Assignment: Copy the records below word for word. Stop after the line that contains "Auf überwiegend waldfreien, sonnenbeschienenen, flachen".

= Beginning of Section =

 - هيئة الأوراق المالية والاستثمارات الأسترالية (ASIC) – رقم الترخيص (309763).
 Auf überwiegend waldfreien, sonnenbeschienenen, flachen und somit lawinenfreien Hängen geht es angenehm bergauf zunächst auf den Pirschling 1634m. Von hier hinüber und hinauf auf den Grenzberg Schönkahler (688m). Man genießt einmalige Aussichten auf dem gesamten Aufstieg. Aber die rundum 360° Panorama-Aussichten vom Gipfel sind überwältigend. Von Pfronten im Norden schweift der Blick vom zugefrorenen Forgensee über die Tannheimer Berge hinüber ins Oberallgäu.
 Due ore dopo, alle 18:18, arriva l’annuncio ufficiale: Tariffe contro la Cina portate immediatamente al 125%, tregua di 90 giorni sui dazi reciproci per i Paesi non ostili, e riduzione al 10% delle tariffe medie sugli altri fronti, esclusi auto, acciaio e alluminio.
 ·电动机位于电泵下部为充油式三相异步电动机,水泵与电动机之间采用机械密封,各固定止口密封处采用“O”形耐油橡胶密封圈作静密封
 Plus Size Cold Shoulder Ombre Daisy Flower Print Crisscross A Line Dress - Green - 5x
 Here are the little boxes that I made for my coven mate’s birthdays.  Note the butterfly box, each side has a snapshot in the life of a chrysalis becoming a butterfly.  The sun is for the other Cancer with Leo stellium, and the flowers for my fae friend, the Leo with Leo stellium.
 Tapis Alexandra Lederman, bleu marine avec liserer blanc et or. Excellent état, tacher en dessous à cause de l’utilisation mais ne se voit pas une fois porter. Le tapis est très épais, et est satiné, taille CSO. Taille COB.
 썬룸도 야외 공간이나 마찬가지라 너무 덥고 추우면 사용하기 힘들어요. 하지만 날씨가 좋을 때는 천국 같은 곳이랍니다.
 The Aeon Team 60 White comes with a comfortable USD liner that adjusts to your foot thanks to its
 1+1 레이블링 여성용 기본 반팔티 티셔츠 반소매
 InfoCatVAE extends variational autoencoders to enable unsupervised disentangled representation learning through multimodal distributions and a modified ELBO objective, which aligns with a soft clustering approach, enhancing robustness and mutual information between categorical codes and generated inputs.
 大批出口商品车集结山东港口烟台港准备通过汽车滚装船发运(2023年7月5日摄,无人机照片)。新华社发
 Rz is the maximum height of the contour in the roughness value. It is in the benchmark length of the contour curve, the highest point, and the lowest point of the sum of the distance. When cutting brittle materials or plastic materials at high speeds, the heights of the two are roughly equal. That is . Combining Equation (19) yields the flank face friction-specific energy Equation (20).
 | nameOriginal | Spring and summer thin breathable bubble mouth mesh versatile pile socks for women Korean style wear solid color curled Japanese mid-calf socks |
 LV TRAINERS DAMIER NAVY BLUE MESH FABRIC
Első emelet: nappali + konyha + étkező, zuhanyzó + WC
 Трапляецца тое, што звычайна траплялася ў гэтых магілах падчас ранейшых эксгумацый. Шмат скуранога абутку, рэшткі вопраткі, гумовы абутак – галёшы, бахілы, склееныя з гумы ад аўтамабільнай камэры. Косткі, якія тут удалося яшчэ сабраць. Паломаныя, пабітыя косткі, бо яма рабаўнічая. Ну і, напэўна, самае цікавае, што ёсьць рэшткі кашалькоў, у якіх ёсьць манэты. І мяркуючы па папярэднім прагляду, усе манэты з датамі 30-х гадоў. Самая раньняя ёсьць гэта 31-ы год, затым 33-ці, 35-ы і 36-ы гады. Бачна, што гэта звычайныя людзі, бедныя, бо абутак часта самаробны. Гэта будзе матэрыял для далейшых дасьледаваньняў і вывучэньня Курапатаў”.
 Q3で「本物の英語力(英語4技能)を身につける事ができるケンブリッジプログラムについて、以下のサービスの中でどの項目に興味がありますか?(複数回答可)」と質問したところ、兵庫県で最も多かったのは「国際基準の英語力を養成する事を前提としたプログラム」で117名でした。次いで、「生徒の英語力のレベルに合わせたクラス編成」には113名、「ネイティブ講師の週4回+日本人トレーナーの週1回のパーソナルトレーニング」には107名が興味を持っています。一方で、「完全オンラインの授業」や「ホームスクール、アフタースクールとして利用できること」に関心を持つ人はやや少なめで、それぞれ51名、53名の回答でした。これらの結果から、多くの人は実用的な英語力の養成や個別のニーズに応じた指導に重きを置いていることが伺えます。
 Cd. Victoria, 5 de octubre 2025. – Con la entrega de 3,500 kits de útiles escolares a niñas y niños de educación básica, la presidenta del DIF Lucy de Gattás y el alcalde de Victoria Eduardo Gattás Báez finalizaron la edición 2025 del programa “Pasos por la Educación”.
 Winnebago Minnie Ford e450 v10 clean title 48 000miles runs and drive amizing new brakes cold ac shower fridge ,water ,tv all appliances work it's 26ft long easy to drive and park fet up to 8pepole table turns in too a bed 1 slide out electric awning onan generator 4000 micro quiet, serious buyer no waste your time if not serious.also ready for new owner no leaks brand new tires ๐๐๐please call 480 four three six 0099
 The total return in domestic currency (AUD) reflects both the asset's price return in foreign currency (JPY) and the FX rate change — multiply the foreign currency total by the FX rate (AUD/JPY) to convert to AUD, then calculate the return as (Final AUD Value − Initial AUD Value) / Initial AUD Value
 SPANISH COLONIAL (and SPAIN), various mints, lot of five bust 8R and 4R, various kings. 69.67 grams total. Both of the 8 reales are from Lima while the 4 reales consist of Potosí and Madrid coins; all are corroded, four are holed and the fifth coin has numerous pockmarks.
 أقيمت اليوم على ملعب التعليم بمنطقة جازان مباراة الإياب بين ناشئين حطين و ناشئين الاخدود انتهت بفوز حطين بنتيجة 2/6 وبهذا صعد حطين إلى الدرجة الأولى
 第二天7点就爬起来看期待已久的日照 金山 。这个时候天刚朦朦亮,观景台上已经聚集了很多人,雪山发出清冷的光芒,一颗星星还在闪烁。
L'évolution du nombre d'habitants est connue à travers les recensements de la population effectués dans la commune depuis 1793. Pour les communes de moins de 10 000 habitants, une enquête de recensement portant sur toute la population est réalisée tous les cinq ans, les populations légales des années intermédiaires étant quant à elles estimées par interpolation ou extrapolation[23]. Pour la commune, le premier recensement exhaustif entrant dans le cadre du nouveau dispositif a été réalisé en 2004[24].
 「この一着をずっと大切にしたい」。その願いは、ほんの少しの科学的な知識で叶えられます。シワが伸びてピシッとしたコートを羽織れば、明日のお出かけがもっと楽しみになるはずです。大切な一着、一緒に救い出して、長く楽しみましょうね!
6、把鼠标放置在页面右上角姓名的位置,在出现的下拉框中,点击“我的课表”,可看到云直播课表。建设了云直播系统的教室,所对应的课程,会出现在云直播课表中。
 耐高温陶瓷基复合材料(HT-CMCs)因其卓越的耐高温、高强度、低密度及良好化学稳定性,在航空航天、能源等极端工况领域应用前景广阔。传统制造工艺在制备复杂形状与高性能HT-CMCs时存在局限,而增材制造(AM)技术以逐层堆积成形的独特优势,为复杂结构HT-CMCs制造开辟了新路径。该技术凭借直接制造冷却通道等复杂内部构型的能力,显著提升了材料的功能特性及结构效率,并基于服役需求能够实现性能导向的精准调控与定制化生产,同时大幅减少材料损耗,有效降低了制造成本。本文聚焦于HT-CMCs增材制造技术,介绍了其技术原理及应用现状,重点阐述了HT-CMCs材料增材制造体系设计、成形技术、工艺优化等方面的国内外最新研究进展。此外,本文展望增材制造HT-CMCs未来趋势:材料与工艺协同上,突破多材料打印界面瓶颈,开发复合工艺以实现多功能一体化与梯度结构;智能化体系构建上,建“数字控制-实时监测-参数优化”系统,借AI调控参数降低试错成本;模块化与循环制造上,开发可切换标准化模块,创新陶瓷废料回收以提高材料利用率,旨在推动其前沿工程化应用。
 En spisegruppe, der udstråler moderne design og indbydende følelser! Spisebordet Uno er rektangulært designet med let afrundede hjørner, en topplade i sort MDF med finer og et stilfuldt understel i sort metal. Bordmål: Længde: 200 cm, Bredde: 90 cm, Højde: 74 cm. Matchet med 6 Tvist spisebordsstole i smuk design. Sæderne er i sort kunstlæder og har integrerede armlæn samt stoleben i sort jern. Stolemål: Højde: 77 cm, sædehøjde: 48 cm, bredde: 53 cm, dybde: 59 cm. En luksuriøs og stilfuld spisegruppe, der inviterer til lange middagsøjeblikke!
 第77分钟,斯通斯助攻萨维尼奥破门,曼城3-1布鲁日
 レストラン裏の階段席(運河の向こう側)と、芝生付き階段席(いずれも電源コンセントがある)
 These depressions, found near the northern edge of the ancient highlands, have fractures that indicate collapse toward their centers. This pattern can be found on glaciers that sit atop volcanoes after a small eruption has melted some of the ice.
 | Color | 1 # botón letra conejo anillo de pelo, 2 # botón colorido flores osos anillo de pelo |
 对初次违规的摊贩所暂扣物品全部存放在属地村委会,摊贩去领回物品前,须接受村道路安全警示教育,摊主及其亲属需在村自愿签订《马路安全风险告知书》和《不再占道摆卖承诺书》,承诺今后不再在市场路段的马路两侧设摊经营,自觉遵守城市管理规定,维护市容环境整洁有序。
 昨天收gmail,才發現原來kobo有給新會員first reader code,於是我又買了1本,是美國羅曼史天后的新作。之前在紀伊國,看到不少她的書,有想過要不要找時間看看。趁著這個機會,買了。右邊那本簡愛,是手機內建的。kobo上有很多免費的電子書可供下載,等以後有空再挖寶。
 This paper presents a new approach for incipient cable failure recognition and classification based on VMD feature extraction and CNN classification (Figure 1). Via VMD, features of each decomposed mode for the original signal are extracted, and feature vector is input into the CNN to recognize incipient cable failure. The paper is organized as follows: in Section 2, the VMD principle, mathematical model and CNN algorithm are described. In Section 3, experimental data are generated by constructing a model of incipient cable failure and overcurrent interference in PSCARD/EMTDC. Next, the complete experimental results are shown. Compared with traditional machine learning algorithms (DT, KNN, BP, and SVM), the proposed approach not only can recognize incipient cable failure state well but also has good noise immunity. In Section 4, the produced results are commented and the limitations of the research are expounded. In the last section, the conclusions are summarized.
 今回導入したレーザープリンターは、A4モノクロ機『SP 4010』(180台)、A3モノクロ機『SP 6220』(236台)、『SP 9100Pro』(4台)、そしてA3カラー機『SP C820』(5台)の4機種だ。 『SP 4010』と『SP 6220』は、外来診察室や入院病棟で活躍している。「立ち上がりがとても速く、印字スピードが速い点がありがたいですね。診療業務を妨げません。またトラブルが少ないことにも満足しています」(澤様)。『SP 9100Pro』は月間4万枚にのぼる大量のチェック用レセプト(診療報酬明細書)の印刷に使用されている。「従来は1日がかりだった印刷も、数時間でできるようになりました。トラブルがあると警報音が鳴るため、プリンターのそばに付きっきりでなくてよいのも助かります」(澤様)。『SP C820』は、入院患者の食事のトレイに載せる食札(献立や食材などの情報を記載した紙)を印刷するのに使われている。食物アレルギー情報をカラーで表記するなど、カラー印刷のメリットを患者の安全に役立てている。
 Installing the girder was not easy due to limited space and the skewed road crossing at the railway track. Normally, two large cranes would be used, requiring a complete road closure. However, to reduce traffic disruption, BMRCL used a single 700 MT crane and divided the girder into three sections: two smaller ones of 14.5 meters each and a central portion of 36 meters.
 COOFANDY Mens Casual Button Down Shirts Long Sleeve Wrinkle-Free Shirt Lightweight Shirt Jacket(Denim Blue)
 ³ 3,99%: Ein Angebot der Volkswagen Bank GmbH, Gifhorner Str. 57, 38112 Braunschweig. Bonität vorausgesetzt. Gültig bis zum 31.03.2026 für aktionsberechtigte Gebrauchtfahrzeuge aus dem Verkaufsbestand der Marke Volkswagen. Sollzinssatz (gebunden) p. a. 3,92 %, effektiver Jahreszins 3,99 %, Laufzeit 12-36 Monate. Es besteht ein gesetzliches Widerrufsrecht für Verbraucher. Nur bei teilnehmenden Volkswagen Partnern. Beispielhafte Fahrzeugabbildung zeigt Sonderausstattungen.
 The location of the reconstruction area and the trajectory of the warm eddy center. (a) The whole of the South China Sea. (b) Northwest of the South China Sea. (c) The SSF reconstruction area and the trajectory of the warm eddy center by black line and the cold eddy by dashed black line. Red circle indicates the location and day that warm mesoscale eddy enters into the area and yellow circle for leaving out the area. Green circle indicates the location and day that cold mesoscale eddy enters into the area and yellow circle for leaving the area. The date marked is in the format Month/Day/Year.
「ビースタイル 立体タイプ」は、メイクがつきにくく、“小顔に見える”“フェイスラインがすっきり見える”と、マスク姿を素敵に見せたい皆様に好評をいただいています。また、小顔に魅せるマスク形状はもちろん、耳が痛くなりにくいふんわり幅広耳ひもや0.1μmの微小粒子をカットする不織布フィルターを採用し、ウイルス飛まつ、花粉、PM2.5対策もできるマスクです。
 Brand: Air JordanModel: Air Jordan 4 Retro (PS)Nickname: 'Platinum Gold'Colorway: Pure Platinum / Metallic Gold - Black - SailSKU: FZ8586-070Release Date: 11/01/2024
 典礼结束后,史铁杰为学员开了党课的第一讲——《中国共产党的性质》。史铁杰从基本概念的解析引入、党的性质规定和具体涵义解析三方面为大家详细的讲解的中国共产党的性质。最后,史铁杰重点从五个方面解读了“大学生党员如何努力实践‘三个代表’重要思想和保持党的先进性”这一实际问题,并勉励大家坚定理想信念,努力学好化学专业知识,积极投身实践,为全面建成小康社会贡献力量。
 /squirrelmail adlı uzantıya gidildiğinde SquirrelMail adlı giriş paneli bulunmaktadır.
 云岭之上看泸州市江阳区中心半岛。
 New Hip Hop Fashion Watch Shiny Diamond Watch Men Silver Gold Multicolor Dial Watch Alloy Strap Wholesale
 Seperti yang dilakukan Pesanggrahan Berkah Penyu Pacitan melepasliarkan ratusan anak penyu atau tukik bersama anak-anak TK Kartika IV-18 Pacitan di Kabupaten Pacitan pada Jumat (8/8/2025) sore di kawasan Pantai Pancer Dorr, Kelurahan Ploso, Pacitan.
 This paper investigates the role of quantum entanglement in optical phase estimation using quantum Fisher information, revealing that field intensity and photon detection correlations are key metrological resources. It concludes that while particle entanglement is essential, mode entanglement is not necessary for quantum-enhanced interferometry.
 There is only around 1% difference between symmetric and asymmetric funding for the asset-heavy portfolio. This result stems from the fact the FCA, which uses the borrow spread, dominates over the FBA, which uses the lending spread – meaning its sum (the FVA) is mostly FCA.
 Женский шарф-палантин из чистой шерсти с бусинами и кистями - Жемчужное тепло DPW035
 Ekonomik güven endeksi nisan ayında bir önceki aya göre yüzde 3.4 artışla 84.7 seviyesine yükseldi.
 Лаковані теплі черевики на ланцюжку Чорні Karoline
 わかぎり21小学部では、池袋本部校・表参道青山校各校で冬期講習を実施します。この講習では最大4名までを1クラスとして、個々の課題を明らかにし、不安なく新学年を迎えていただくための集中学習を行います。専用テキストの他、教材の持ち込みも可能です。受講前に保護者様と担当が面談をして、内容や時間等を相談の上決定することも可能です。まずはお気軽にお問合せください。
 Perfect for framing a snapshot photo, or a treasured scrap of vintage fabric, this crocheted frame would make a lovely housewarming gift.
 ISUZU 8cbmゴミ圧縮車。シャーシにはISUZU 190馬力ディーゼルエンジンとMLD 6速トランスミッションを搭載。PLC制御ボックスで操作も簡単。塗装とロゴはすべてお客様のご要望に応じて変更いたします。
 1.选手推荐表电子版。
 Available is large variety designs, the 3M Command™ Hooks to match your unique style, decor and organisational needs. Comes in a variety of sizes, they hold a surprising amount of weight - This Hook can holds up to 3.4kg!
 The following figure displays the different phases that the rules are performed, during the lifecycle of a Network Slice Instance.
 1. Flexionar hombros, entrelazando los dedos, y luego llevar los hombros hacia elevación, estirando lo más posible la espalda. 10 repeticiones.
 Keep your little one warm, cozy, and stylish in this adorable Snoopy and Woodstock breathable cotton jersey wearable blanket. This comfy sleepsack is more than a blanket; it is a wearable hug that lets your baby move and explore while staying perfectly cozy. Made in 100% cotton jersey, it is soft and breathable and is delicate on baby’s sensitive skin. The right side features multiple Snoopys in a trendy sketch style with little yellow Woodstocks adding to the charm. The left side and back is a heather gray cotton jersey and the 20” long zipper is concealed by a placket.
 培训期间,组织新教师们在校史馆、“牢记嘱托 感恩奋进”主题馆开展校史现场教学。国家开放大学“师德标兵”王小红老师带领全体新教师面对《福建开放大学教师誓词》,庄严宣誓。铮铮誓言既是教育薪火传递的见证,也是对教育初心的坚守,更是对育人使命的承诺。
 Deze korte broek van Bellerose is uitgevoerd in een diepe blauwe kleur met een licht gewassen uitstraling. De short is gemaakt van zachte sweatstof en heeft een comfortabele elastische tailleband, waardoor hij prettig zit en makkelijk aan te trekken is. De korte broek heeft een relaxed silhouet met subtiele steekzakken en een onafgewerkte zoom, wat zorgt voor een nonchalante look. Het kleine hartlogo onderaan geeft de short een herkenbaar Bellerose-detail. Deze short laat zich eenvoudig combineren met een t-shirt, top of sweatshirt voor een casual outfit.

= End of Section =

Result for this task:
 - هيئة الأوراق المالية والاستثمارات الأسترالية (ASIC) – رقم الترخيص (309763).
 Auf überwiegend waldfreien, sonnenbeschienenen, flachen und somit lawinenfreien Hängen geht es angenehm bergauf zunächst auf den Pirschling 1634m. Von hier hinüber und hinauf auf den Grenzberg Schönkahler (688m). Man genießt einmalige Aussichten auf dem gesamten Aufstieg. Aber die rundum 360° Panorama-Aussichten vom Gipfel sind überwältigend. Von Pfronten im Norden schweift der Blick vom zugefrorenen Forgensee über die Tannheimer Berge hinüber ins Oberallgäu.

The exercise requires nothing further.